Joker’in kendisinin dahi geçmişiyle ilgili anlattığı birçok farklı hikaye ortada dururken ‘’Gerçek Joker bu olamaz, Thomas Wayne aslında entelektüel bir iyilik elçisiydi, tüm servetini insanlığa adamıştı, sonradan Joker’le Bruce Wayne düşman olduklarında Joker’le aralarındaki yaş farkı şu kadar olacak, bu da çok saçma.’’ gibi eleştirilerin isabetli olduğunu düşünmüyorum. Zaten Phillps, Batman ve Joker’i karşı karşı karşıya getirmeyeceğini de belirtiyor. Diyelim ki bu ikili karşı karşıya getirildi, yaş farkının bir önemi kalır mı ya da Joker’in bu hayat öyküsünden sonra Batman’in tarafını tutmanız mümkün olur mu ? Bu soru listesi uzar da gider. Üstelik bu filmde gördüklerimizin ya da anlatılanların çoğu kesin bir gerçek olarak karşımıza çıkmaz. Çünkü Arthur’un gündelik hayatı ve zihnindeki hayal aleminin, fantezilerinin harmanlanmış olması bu filmdeki Joker’in kişiliğini, kimliğini bile epey karmaşık bir muammaya çevirir. Hâl böyleyken Phillips’in Joker’i de dahil hiçbir Joker’i kesin hatlarla çizilmiş bir şablona oturtamazsınız.

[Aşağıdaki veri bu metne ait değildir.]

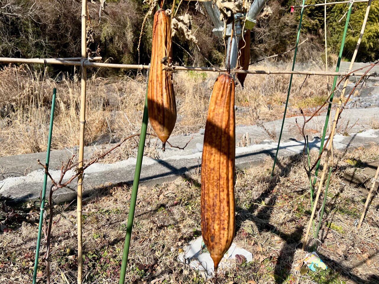 ヘチマは小さめの子は乾いていたので皆んなで持ち帰りました。でも大きな子はまだです。この子のサイズは44cmでした。

Bence Phillips, Joker’in ileride neler yapacağını ya da hikayesinin nasıl devam edeceğini bizim hayal gücümüze bırakıyor. Filmin adının Joker olması da bir şeyi değiştirmiyor. En nihayetinde Batman’le hiç karşılaşmayacak bir anti-kahraman olmayan Joker’i diğer Jokerlerle kıyaslamak sanatın özgür ruhuna aykırı geliyor bana. Bu da senaristlerin kendince hayat hikayesini kurguladığı bir Joker yorumu yani ‘’çoktan seçmeli bir geçmişi ‘’ olan Joker’e kendi zihnimizdeki imajı olması gereken tek doğruymuş gibi dayatmanın sanatın sınırlarını daraltmaktan başka bir şeye hizmet etmediğini düşünüyorum. Ayrıca filmin senaryosunun klişelerle dolu olduğunu bundan dolayı da Joker’in özgün bir yanı olmadığını dile getirenlerin Joker’de ortaya konan muazzam sinema işçiliğine haksızlık ettiğini de belirtmek istiyorum. Sinemada aynı konuların defalarca işlendiğine şahit olmuşuzdur. Örneğin; sinema tarihinde aşk konusunu işleyen epey film var fakat bunlardan kaçı kalıcı olabilmiş ki? Demek istediğim, konu önemli olsa da asıl önemli olanın işlenen konu değil konunun anlatılma biçimidir. Joker de ele aldığı konuları sinemanın tüm unsurlarıyla, bütüncül bir kurguyla kusursuz bir şekilde işlemiş. Asıl üzerinde durulması gereken de budur kanaatimce aksi takdirde tüm sanat dalları aynı konuları ele aldığı için birbirinin sonsuz bir tekrarından başka bir şey değilmiş gibi algılanır.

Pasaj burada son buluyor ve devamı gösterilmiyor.